This coronary-inducing jam is not an unusual experience on the Long Island Expressway. It is no longer a rarity to find congestion that stretches dozens of miles across three counties. We accept the bumper-to-bumper slog as an everyday fact of urban life.

Ever-thickening traffic is just one way in which patterns of urban growth and change are transforming our lives. Good jobs, it seems, can only be found in unaffordable communities. Nice places to live are overrun by development and traffic congestion. Communities that are affordable come at the price of limited opportunity, inadequate schools, and nonexistent amenities. These may sound like old laments but in fact it is harder than ever to answer the question where should I live?

Consider why hundreds of thousands of people daily subject themselves to the time-wasting and nerve-jangling ritual of the Long Island Expressway. Most of the people on it would rather be somewhere else, naturally, even though most of them in this morning rush are headed to jobs–jobs that are often satisfying and well-paying. That jammed freeway is in many ways a symbol of success. Still, how many dream of a different way of life?

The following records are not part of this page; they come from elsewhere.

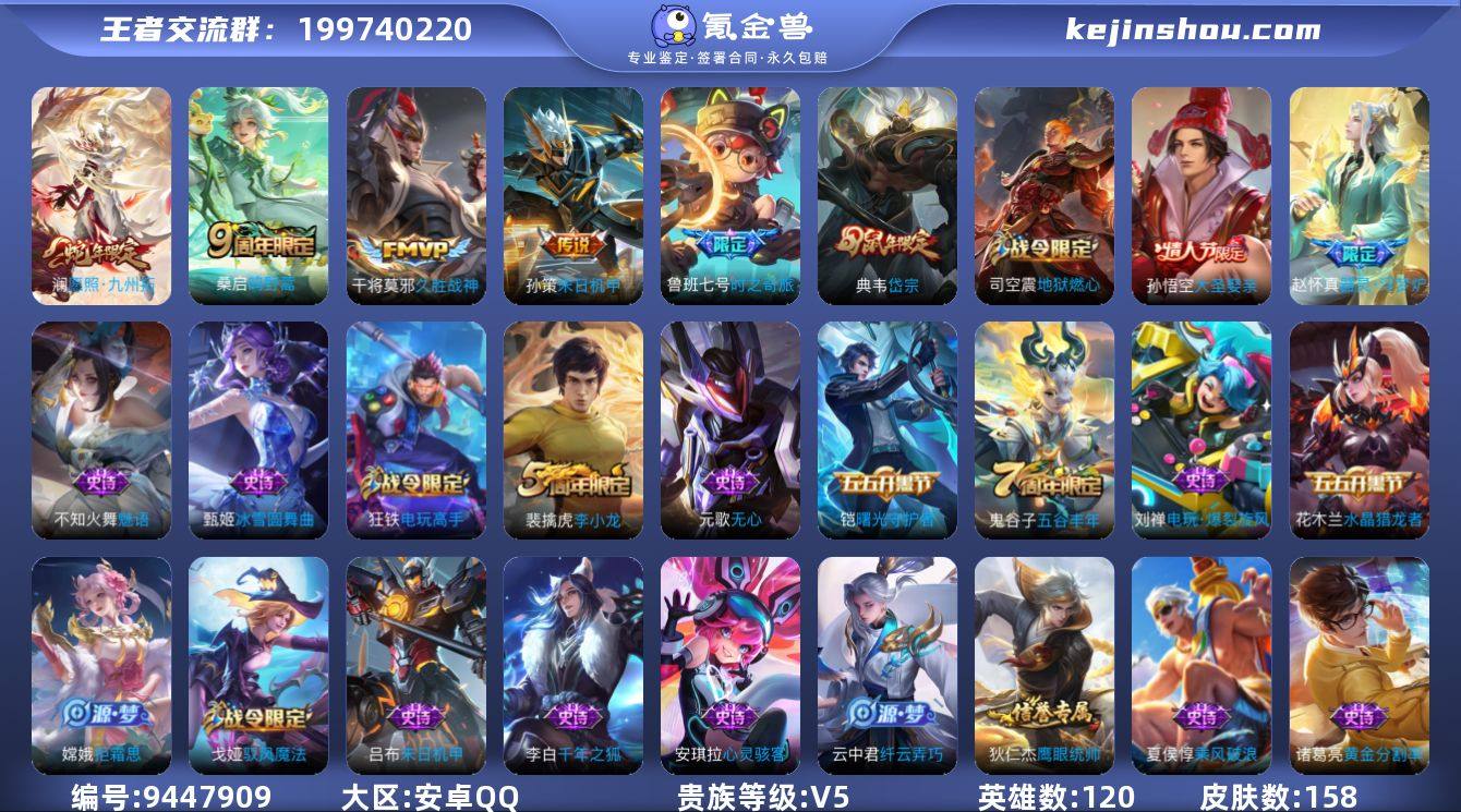 -可二次-V5-120英雄-158皮肤-5传说-46史诗 【传说】鸣野蒿-桑启 末日机甲-孙策 久胜战神-干将莫邪 愿照·九州拓-澜 【传说限定】时之奇旅-鲁班七号 【史诗】魅力维加斯-妲己 黄金分割率-诸葛亮 逐浪之夏-李元芳 魅语-不知火舞 圣诞狂欢-吕布 心灵骇客-安琪拉 电玩·爆裂旋风-刘禅 圣诞恋歌-貂蝉 鬼剑武藏-宫本武藏 热力回旋-百里玄策 金属风暴-墨子 暗隐猎兽者-兰陵王 万物之道-弈星 曙光守护者-铠 鹰眼统帅-狄仁杰 顽趣-梦奇 心灵战警-亚瑟 节奏热浪-阿轲 摇滚巨星-嬴政 器灵·浮梦炉-赵怀真 水果甜心-孙尚香 千年之狐-李白 未来纪元-赵云 天才门将-刘禅 乘风破浪-夏侯惇 舞动绿茵-蔡文姬 星界战将-牛魔 水晶猎龙者-花木兰 冰雪圆舞曲-甄姬 皇家上将-赵云 荣光圣徽-蒙恬 驭风魔法-戈娅 末日机甲-吕布 【史诗限定】优雅恋人-嬴政 黎明之约-雅典娜 李小龙-裴擒虎 地狱燃心-司空震 五谷丰年-鬼谷子 岱宗-典韦 拒霜思-嫦娥 电玩高手-狂铁 大圣娶亲-孙悟空 纤云弄巧-云中君 百解令-蒙犽 无心-元歌 江河有灵-阿古朵 【勇者】科学大爆炸-项羽 决胜大满贯-曹操 探海日志-鲁班大师 救世之瞳-扁鹊 妄想特派-李元芳 金庭之子-兰陵王 雪境奇遇-西施 缤纷绘卷-张良 景韶洛都-明世隐 谧流熔炉-太乙真人 功夫炙烤-廉颇 东方不败-武则天 海盐诗旅-桑启 天穹祈灯-鬼谷子 灵野札记-张良 云中旅人-李元芳 擒涛扼浪-裴擒虎 演武夺筹-程咬金 特工战影-狂铁 聚星闪耀-钟无艳 奇妙博物学-庄周 哥特玫瑰-露娜 天使之翼-孙膑 潮玩探月行-猪八戒 雾都夜雨-干将莫邪 天穹之誓-姜子牙 少女阿狸-妲己 阴阳师-狄仁杰 秘密基地-刘禅 春野闲踪-苏烈 万华元夜-狄仁杰 大漠名商-沈梦溪 绒语心约-大乔 鲨炮海盗猫-沈梦溪 流音漫舞-艾琳 街头霸王-韩信 古海寻踪-张良 劲辣红锅-太乙真人 龙腾万里-关羽 兔女郎-花木兰 沉稳之力-孙尚香 午后时光-王昭君 铁骨偃魂-典韦 化身博士-扁鹊 乓乓大师-鲁班大师 敏锐之力-李白 拳王-达摩 黄金武士-典韦
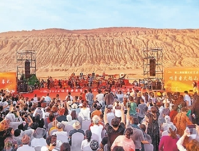 游客在新疆吐魯番火焰山下欣賞交響音樂會(huì)。 劉 健攝(人民圖片)
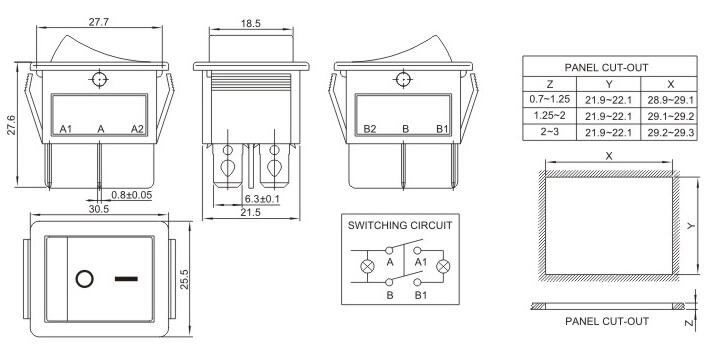 25*30.5紅色帶燈 船型開關(guān) 蹺板開關(guān) IO電源開關(guān) 1.額定工作電壓、電流Rating 3A/6A/15A 250V 2.使用溫度范圍Temperature -25+85℃ 3.接觸電阻Contact Resistance <0.03Ω 4.動作力Actuating Force 1.3+0.5N 5.絕緣電阻Insulation Resistance >100MΩ 6.壽命(switching Life) 10000次
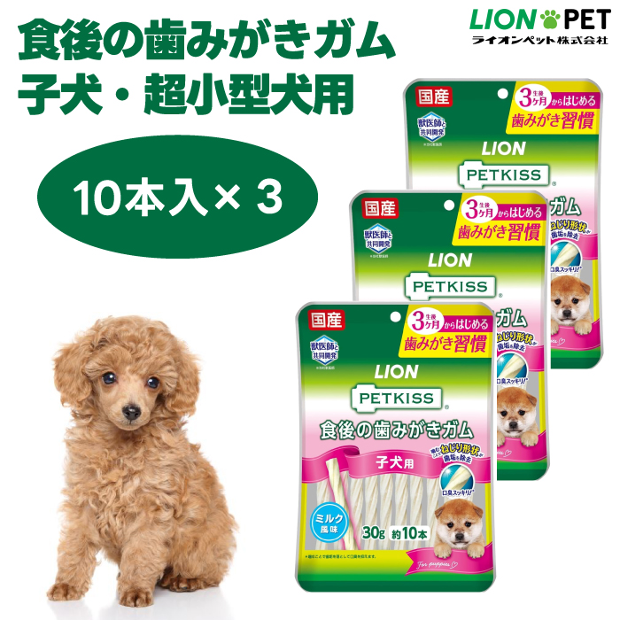 ■ライオン PETKISS 食後の歯みがきガム 子犬用 超小型~小型犬用 30g 10本 x3個 犬 歯磨き おやつ ミルク風味 LIONPET

A lot of people do. Mutant Metropolis: Living in the Emerging American City is for them. It explains the new, little-understood waves of urban transformation that have upended our expectations, quietly–before our eyes–transforming the places we thought we knew into new, little-understood urban life forms–ones that pose increasingly difficult and unanticipated dilemmas. The story of urban America is too often that of people moving–to find opportunity–then moving again and again to find a better life. We exile ourselves from community after community, leaving behind places that are exhausted after a couple of investment cycles, and yet find opportunity and the good life always more difficult to reconcile.

Mutant Metropolis helps readers understand how manageable, small-town-style suburbs have become megasuburban urban realms that stretch, seemingly out of anyone’s control, over county and even state lines, absorbing farmlands and precious wild places in their path. It uncovers the forces that transform the most precious rural places into precisely the kinds of ordinary demi-suburbs many of its residents thought they had escaped. And it reveals why cities are gentrifying into glittering urban boutiques for the wealthiest, driving away their middle class, yet failing the aspirations of the legions of poor they house. The book shows how to come to terms with this fast-unfolding urban future and how to take it in hand. In short, it’s about how to make a place to live in the 21st century.

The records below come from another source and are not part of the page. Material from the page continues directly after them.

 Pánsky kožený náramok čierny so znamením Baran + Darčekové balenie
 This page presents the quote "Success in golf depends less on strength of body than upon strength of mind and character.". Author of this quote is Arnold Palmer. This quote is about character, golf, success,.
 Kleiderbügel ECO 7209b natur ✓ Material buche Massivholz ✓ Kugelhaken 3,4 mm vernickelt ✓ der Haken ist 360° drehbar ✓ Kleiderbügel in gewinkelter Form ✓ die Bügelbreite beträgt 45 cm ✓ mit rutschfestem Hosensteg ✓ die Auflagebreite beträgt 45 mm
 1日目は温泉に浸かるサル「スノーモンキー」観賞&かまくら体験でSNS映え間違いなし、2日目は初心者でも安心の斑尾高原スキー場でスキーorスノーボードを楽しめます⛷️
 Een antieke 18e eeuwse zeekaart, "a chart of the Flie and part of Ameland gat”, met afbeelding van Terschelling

In more than 18 years as a full-time journalist covering architecture and urban growth, author James S. Russell has harvested stories, consulted dozens of experts, and pieced together trends from throughout the nation and the world. The book will help nonspecialist readers come to terms with an urbanity that has moved beyond conventional categories of urban, suburban and rural into a new reality that is only just beginning to be understood.

In traveling the nation and overseas, James S. Russell has made sense of what is–decoding the profound change that has overtaken urban places amid their apparent sameness. For example, he applies the term “cities” to places most people would regard as suburban or rural, simply because America has become almost wholly an urban nation with people living urban lives and sharing in the urban economy even if they live in apparently wild and untouched places. He’s also considered what could be–introducing a range of emerging ideas about how to think about places -- how to help old cities and new neighborhoods come to terms with a future that demands that we create “community” at a much larger and more intimidating scale than we are used to.

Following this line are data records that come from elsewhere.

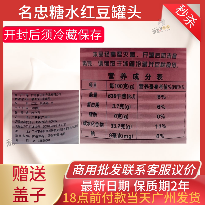 Mingzhong canned red beans 900g*12 cans whole box ready-to-eat sugar water canned red beans milk tea shaved ice dessert special
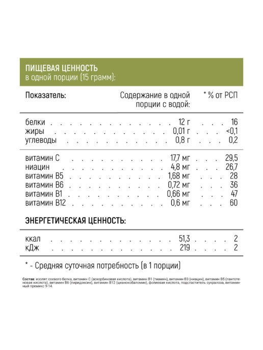 Способ приготовления: смешайте одну порцию продукта 15 г (1 мерная ложка) с 200-250 мл воды комнатной температуры в шейкере или блендере до однородной массы.
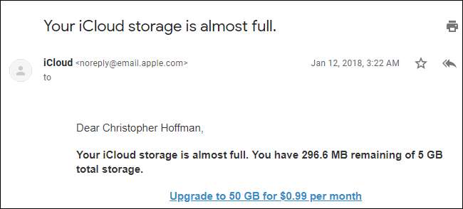 כשאתה מתקרב לאחסון של 5 GB, ה- iPhone שלך (או iPad) יתחיל לנדנד לך לשלם. אפל אפילו תשלח לך אימייל בבקשה לקבל יותר כסף.
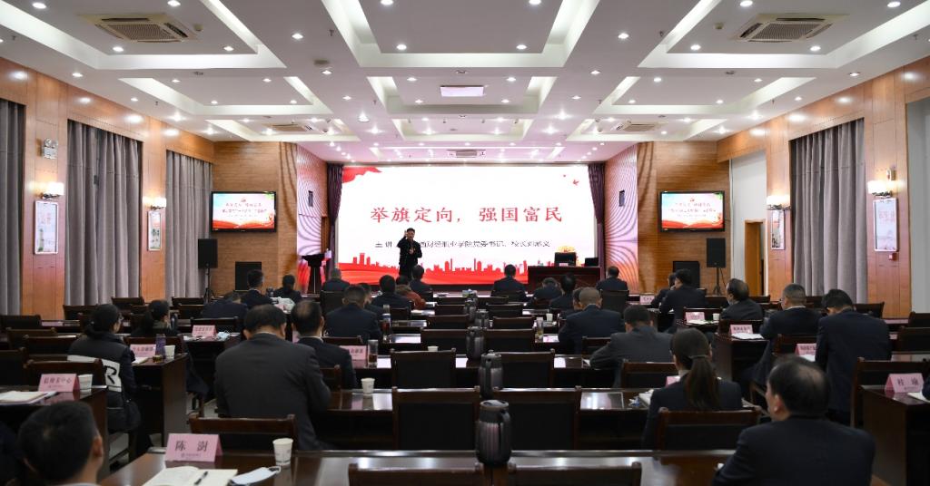 在系统讲解了党的二十大报告的主要内容后,刘彪文强调,党的二十大报告,博大精深、高瞻远瞩、擘画未来,在政治上、理论上、实践上奠定了中国现代化建设的坚实基础。“两个确立”是党在新时代取得的重大政治成果,是推动党和国家事业取得历史性成就、发生历史性变革的决定性因素。核心就是力量,旗帜引领方向。学习贯彻党的二十大精神,就要深刻领悟“两个确立”的决定性意义,切实把“两个确立”的政治成果转化为坚决做到“两个维护”的政治自觉,把党的二十大作出的各项战略部署转化为实际行动。
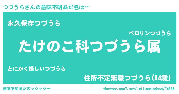 | 男性向けラノベタイトル風あだ名 | 『転生したらつづうらだった件』 |
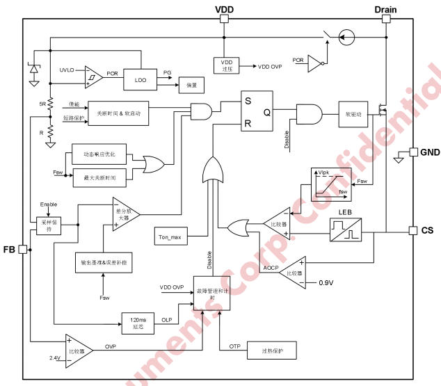 所有型號均內(nèi)置 500V 高壓 MOSFET、高壓啟動電路、多模式 PWM 控制器,支持 Buck 和 Buck-Boost 拓?fù)洌?strong>默認(rèn) 12V 輸出(FB 腳懸空),待機(jī)功耗 <50mW。
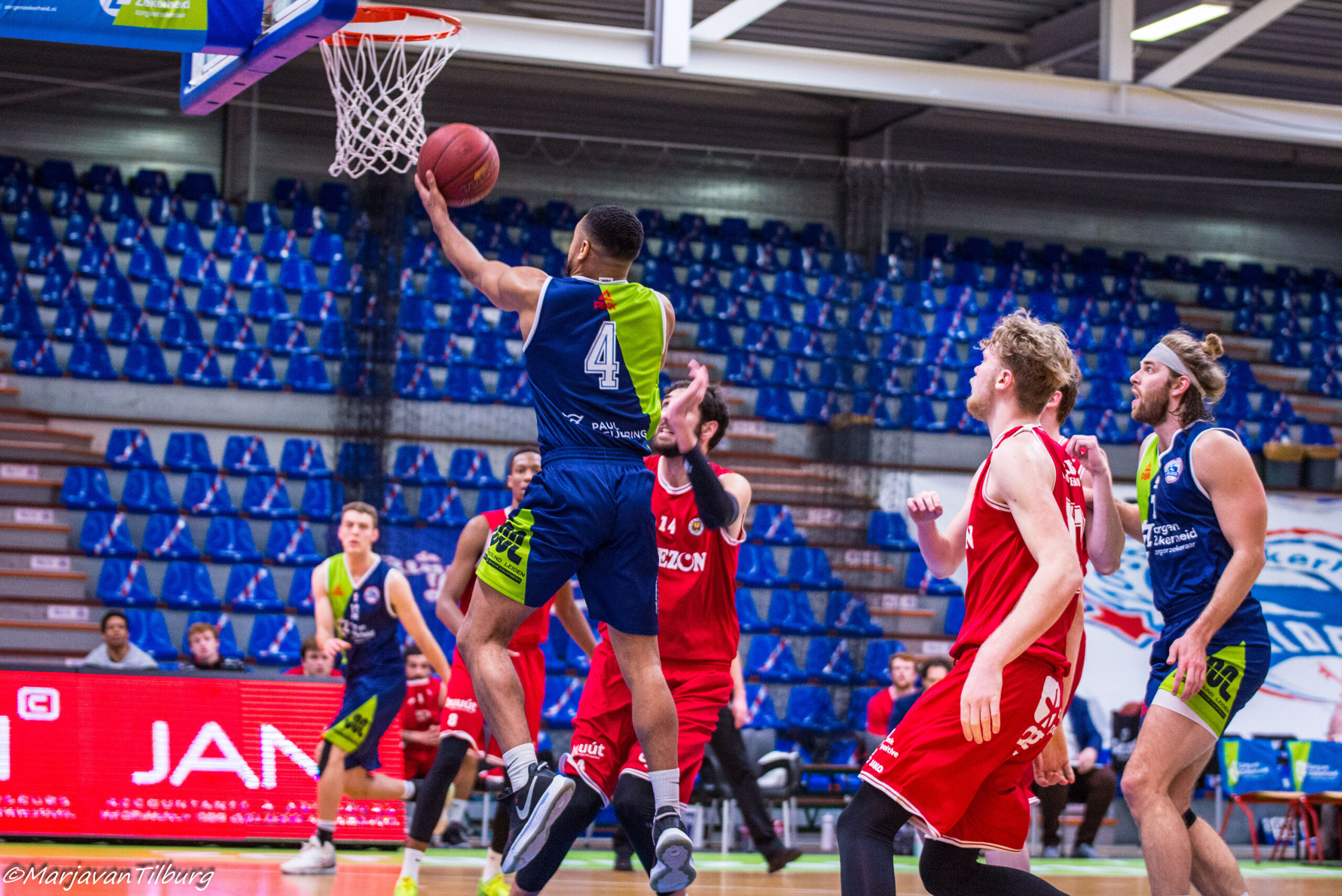 Mede door twee and-1’s en een dunk van Worthy de Jong boog Zorg en Zekerheid Leiden de achterstand om in een voorsprong van 16-11. In het tweede kwart leek de thuisploeg de voorsprong vast te houden. De Jong zette met zijn 14e punt 24-20 op het scorebord. Daarna viel de formatie van coach Hammink vijf minuten stil.
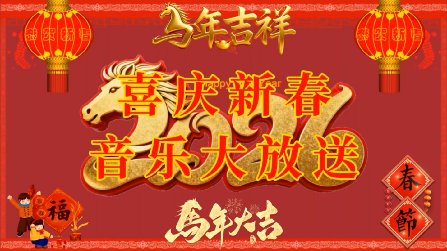 UP主: 封面: 简介:主要20首最喜庆、最好听的新春音乐大放送,在此提前祝福大家新年快乐!本期视频目录0:00《过年啦》-贺东3:39《拜新年》-凤凰传奇7:17《恭喜发财》-刘德华10:40《好运来》-...
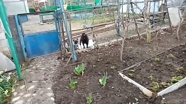 Новая плита. Земля затягивает. Тыква в мешке, удобрения и лейка. Просто Константиновы.

The tired conventional debates–about a vaguely defined “spawl” or an absolutist view of “property rights”–prevent too many genuinely new insights from reaching people bedeviled by communities that no longer act the way they are “supposed” to. With his journalist’s eye, Russell headlines the most compelling trends uncovered by scholars and policy analysts–ideas that too often fail to escape the universities and think tanks in which they have been incubated. And he puts these ideas in jargon-free, concrete terms illustrated by real examples that people concerned about the future can understand.

Though urban experts speak of economic flows and debate the consequences of government policies, Russell is especially attuned to cities as constructions of culture, creations of meaning and intention. People, by choosing to defend, nurture and create community in places they love, for example, have found that they can trump tired policy conventions and received economic wisdom. Because Russell is an architect, he is particularly expert in the growing role creativity and design play in economic growth and urban quality of life.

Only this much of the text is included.